NVIDIA / pyxis

Container plugin for Slurm Workload Manager
Apache License 2.0
282 stars 31 forks source link

numactl error enroot/pyxis running nvidia hpc-benchmark #94

Closed xinyx62 closed 1 year ago

xinyx62 commented 1 year ago

Hi team.

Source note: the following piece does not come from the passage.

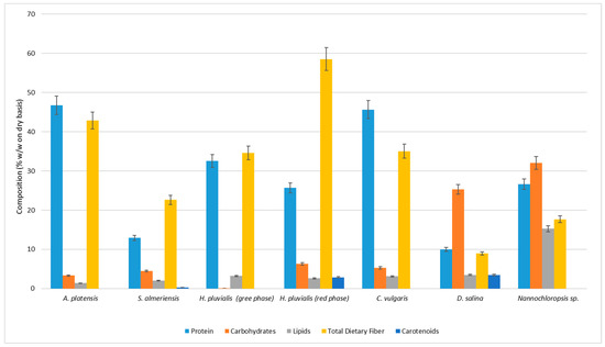 Protein, carbohydrates, lipids, total dietary fiber, and carotenoid compositions expressed as expressed as % w/w on a dry basis ± SD (n = 3) of Arthrospira platensis, Scenedesmusalmeriensis, Haematococcus pluvialis (green phase), Haematococcus pluvialis (red phase), Chlorella vulgaris, Dunaliella salina, Nannochloropsis sp.

I have problem with run nvidia hpc-benchmark use pixys/enroot

cat /etc/os-release

NAME="Ubuntu" VERSION="20.04.1 LTS (Focal Fossa)" ID=ubuntu ID_LIKE=debian PRETTY_NAME="Ubuntu 20.04.1 LTS" VERSION_ID="20.04" HOME_URL="https://www.ubuntu.com/" SUPPORT_URL="https://help.ubuntu.com/" BUG_REPORT_URL="https://bugs.launchpad.net/ubuntu/" PRIVACY_POLICY_URL="https://www.ubuntu.com/legal/terms-and-policies/privacy-policy" VERSION_CODENAME=focal UBUNTU_CODENAME=focal

I install all nodes:

slurm-19.05.5 (with pmix plugin)

nvslurm-plugin-pyxis-0.7.0-1 enroot-3.4.0 end, i use local image nvcr.io/nvidia/tensorflow:21.11-tf1-py3 , and use enroot import it into hpl+test.sqsh file.

nvidia-smi topo -m image

This is my cmd: srun -N 1 --ntasks-per-node=8 --cpu-bind=none --container-image ./hpl+test.sqsh hpl.sh --config dgx-a100 --da t /workspace/hpl-ai-linux-x86_64/sample-dat/HPL-dgx-a100-1N.dat

I got the error: image

and this also error:srun -N 1 --ntasks-per-node=8 --cpu-bind=none --container-image ./hpl+test.sqsh /workspace/hpl.sh --cpu-affinity 0-10:0-10:0-10:0-10:0-10:0-10:0-10:0-10 --mem-affinity 0:0:0:0:0:0:0:0 --config dgx-a100 --dat /workspace/hpl-ai-linux-x86_64/sample-dat/HPL-dgx-a100-1N.dat image

Do you can help with problem?

flx42 commented 1 year ago

You probably configured Slurm to allocate a subset of the cores to your job, it's not related to pyxis or enroot.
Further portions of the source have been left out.